Naked but Not Free

Too Old for TikTok, Too Young for Death

There is something deeply unsettling about the speed of the world now. Everything moves too fast. Algorithms. AI. Trends. Businesses. Opinions. Identities. Every five minutes there is a new expert, a new millionaire, a new spiritual guru with Botox explaining detachment from Bali while selling a $10,000 course on authenticity.

How is anyone supposed to keep up?

Ironically, I used to be the fast one. Too fast. People spent years telling me to slow down. Life itself tried to stop me several times. Burnouts, disappointments, heartbreaks, exhaustion — little love letters from existence begging me to sit the hell down for five minutes.

And now? Now the world has become faster than me.

Forty is a strange age. People romanticise it online with their “life begins at 40” nonsense, usually posted under a photo of someone standing barefoot in linen next to an overpriced matcha latte. But honestly? Forty feels more like the beginning of the end. A slow psychological apocalypse with good skincare.

This is the age where the midlife crisis quietly enters the room and sits beside you like an unpaid tax collector. You realise you cannot compete with the younger generation — they are faster, more adaptable, born with technology glued to their nervous system. Meanwhile, you cannot fully connect with the older generation either because they are either too tired, too slow, emotionally fossilised… or dead.

Death starts becoming visible at this age. Not philosophically. Literally.

People begin disappearing. Family members. Friends. Mentors. Versions of yourself.

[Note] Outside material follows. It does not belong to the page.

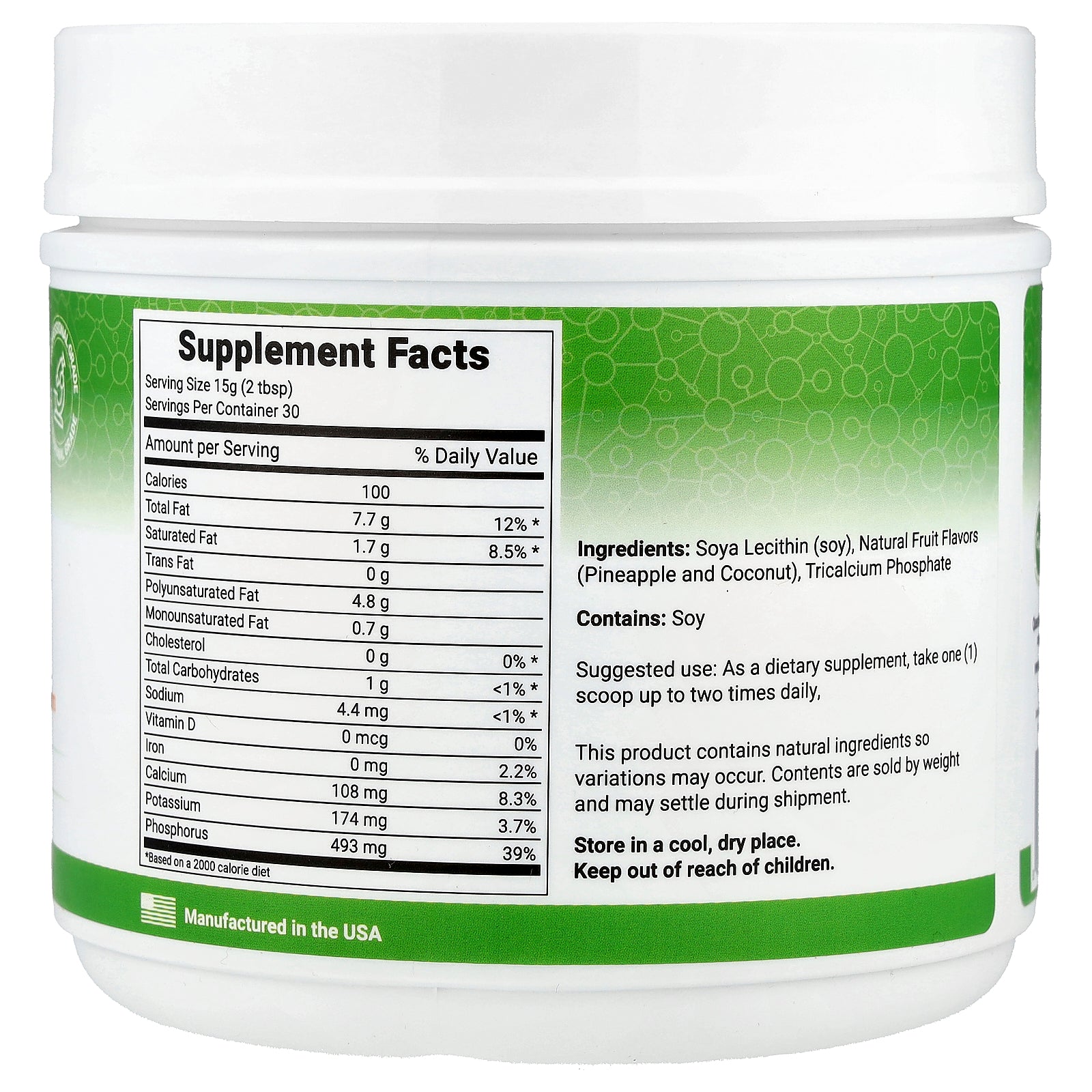 Soya lecithin (soy), natural fruit flavors (pineapple and coconut), tricalcium phosphate.

Entire worlds you once belonged to vanish without ceremony. The music changes. The conversations change. Even your reflection starts looking at you with concern.

You realise it is now or never.

And this is the terrifying part: everything you thought mattered slowly collapses into irrelevance. The friends you made. The sacrifices. The achievements. The endless proving of yourself. Nobody cares anymore. Society has the attention span of a cocaine addict scrolling TikTok at 3 a.m.

At twenty, people judge your potential. At thirty, they judge your success. At forty? They judge your final score.

It feels like Judgment Day in hell.

The dead judge you through memory and regret. Your own guilt devours you for all the lies you lived, the compromises you made, the dreams you abandoned because you wanted to be loved, accepted, safe.

And the living? The living simply leave.

That is the cruelest form of judgement. Not hatred. Not conflict. Indifference.

People disappear when you are no longer entertaining enough, beautiful enough, useful enough, successful enough, or profitable to their fragile little self-development journey. Human connection today feels like a corporate collaboration agreement. Everyone asks: “What value does this person bring into my life?” as if they are CEOs interviewing souls.

God, I hate people sometimes.

Not individually, perhaps. But collectively? Absolutely. Human beings are unstable creatures pretending to be evolved. Muddy. Contradictory. Performative. Morally flexible depending on lighting and financial circumstances. Everyone wants depth until depth becomes inconvenient.

And how exactly is someone supposed to survive this?

How do you survive when the dream disappears? When the spark fades? When your speed slows down? When you no longer feel connected to the world around you?

Maybe that is the real crisis of middle age.

Not wrinkles. Not aging. Not death.

But becoming fully conscious of the emptiness behind the performance.